What the exercise asks:
Reproduce verbatim the lines of the material below, starting at the line with "Striking colours and" and ending at the line with "Exiled Tibetans listen", both inclusive; skip the rest.

Entries provided:
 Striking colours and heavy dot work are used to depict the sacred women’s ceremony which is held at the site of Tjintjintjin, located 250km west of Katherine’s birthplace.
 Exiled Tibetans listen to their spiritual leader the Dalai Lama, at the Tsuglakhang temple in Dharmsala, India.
==
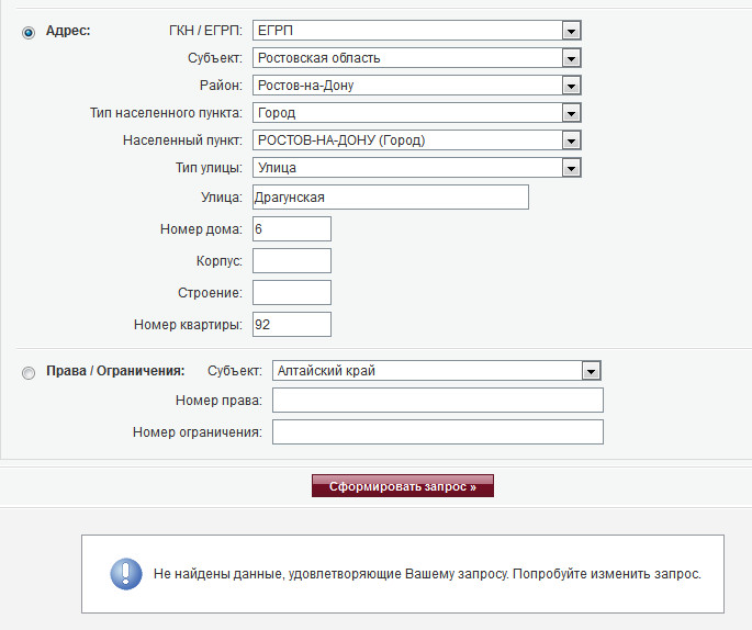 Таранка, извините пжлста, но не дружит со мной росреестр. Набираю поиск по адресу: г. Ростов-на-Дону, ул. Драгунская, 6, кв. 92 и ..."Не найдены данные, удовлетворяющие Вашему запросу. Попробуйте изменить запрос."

Answer area:
 Striking colours and heavy dot work are used to depict the sacred women’s ceremony which is held at the site of Tjintjintjin, located 250km west of Katherine’s birthplace.
 Exiled Tibetans listen to their spiritual leader the Dalai Lama, at the Tsuglakhang temple in Dharmsala, India.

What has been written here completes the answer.